EXERCISE GOAL: Repeat, exactly and with no pictures, the lines that run from the beginning of the entries through the line containing "Textured Powder Coat".

ENTRIES SUPPLIED:
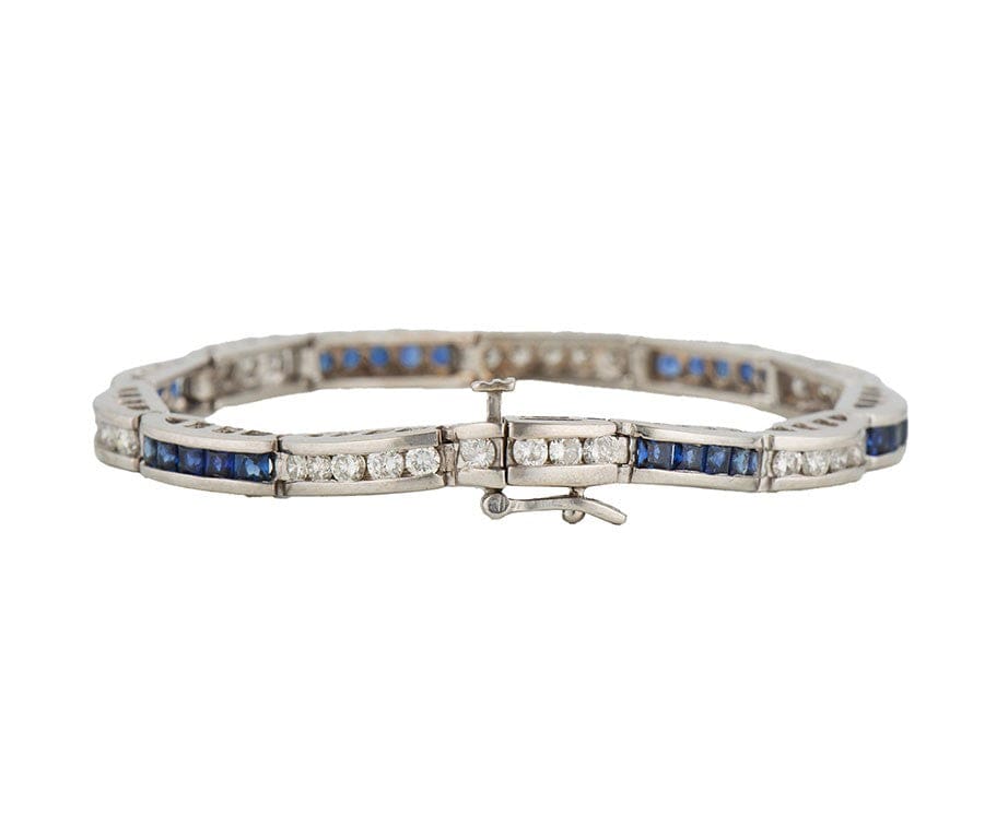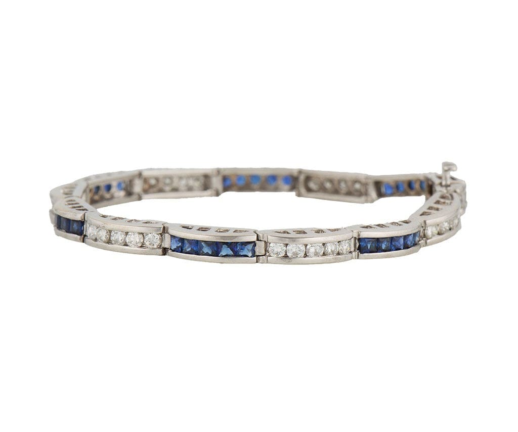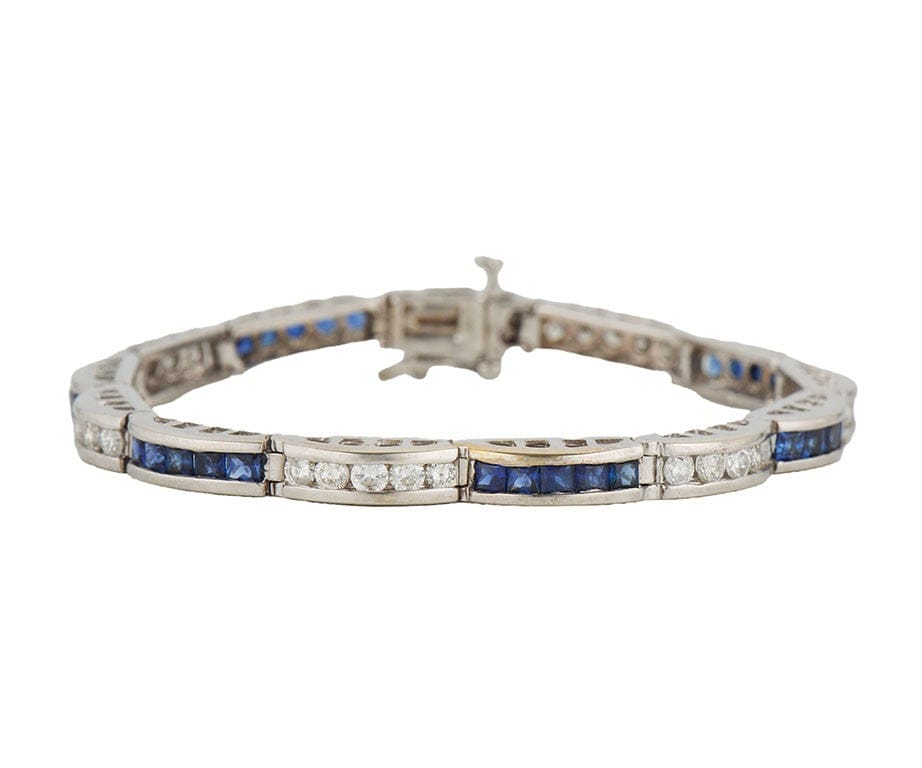 2.25ctw Princess Sapphire and 1.50ctw Round Diamond Station Bracelet in 14K
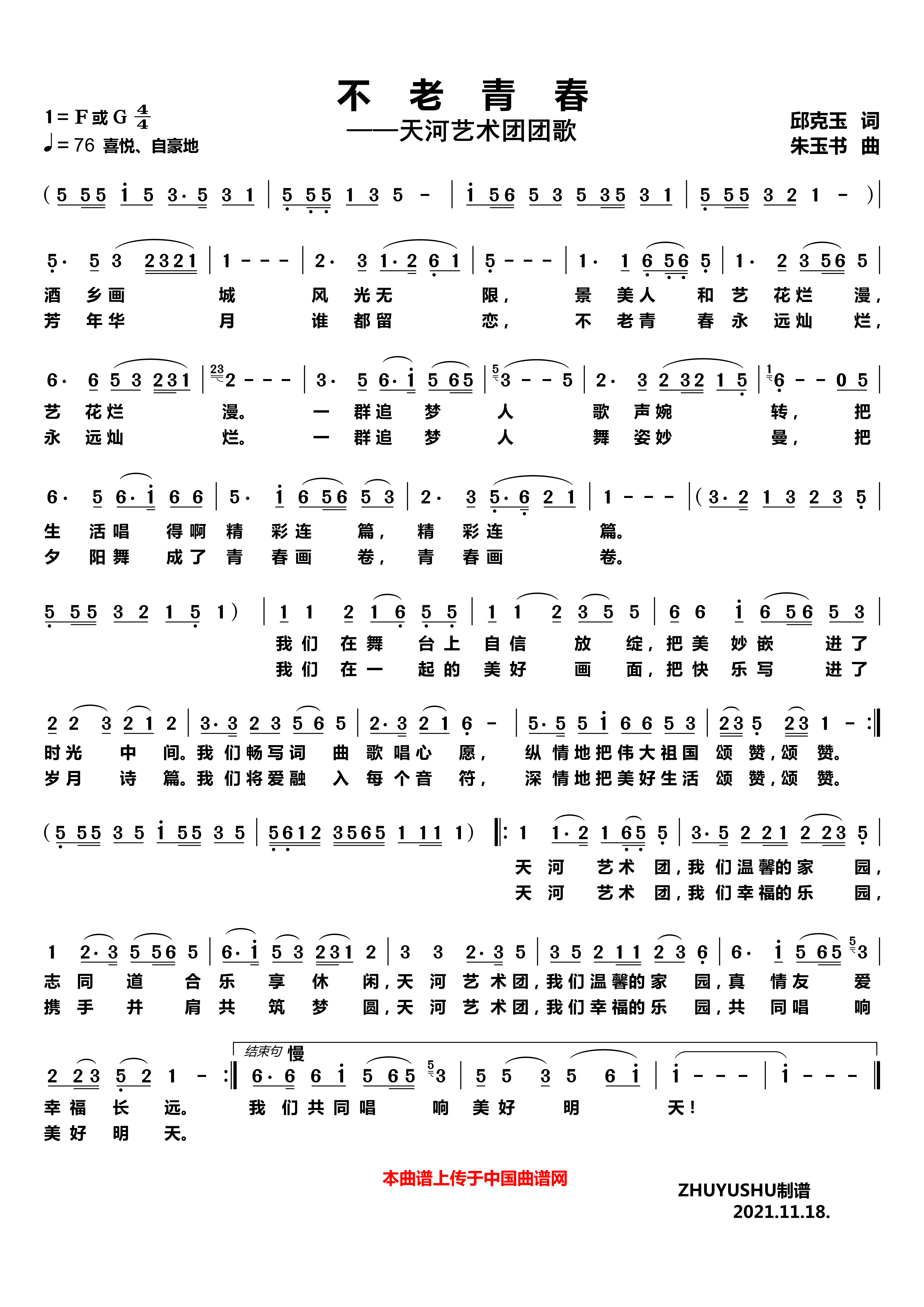 关于《不老青春——天河艺术团团歌》曲谱的评论
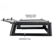 Textured Powder Coat Finish: The tough e-coat and two stage black powder coat finish not only adds a striking aesthetic but also provides extra protection against the elements, making your topper look great season after season.
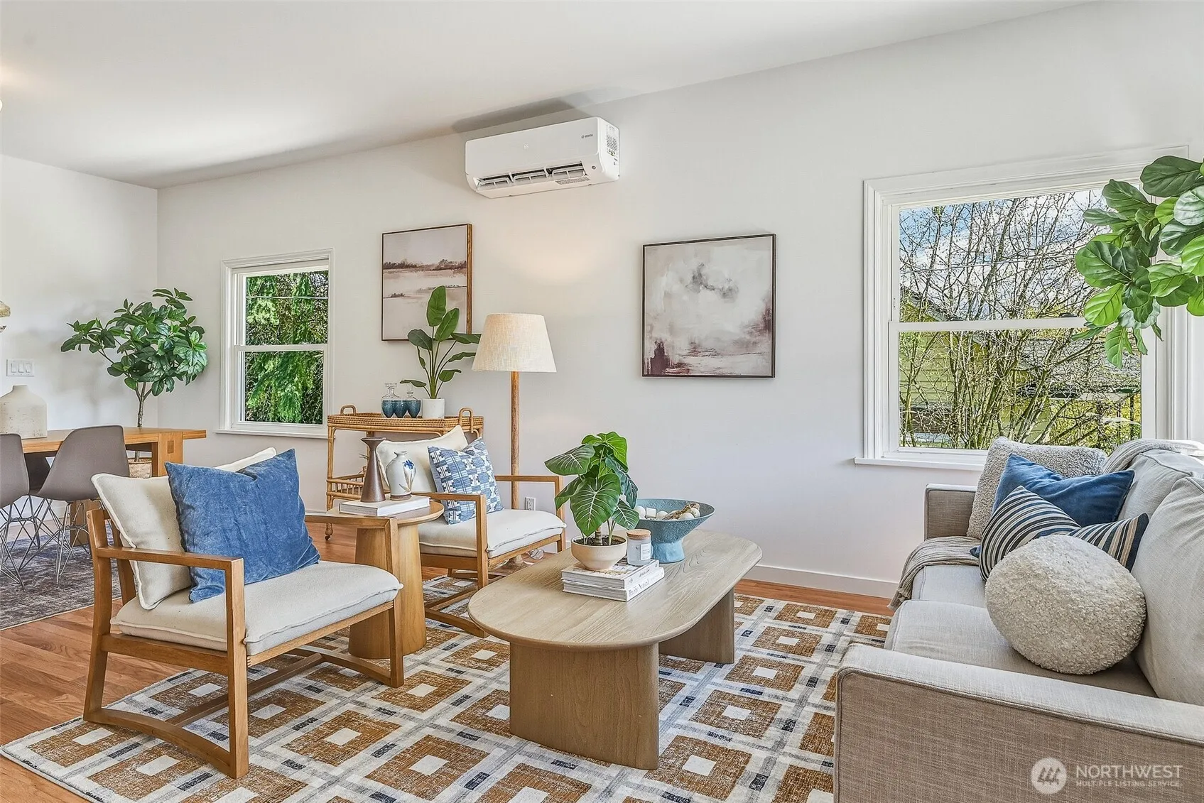 Welcome to this lovingly restored Craftsman bungalow in the heart of Hillman City. Gleaming hardwoods, refreshed bathrooms, and updated systems — including mini-splits set the tone for living in a timeless package. The main level impresses with 9-foot ceilings, tons of natural light, a seamless living and dining flow, beautifully appointed kitchen with new appliances, & two spacious bedrooms and full bath. The lower fully finished level has a large family room, third bedroom, and ¾ bath that provide flexible space for guests, work, or play. Already plumbed for a kitchen, it’s primed for an ADU conversion and the rental income opportunity that comes with it. Outside, a sun-drenched deck overlooks mature landscaping with lovely territorial views toward Columbia City, while the private rear yard offers room to garden and play. Fabulous location, just steps from The Flour Box, Twilight, Archipelago, Delish, and the full vibrancy of Hillman City.
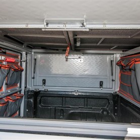 Der Rahmen um die hintere Tür ist vollständig gegen die Pickup-Ladefläche abgedichtet. Im Gegensatz zu einer normalen Heckklappe dringt so kein Staub in den Innenbereich. Die große Hecktür mit dem stabilen Haltegriff ermöglicht den einfachen Zugang in den Innenraum. Die Hecktür kann von innen und außen abgeschlossen werden und ist fähig ein Reserverad bis zu einer Größe von 33-Zoll zu tragen.

FINAL ANSWER:
 2.25ctw Princess Sapphire and 1.50ctw Round Diamond Station Bracelet in 14K
 关于《不老青春——天河艺术团团歌》曲谱的评论
 Textured Powder Coat Finish: The tough e-coat and two stage black powder coat finish not only adds a striking aesthetic but also provides extra protection against the elements, making your topper look great season after season.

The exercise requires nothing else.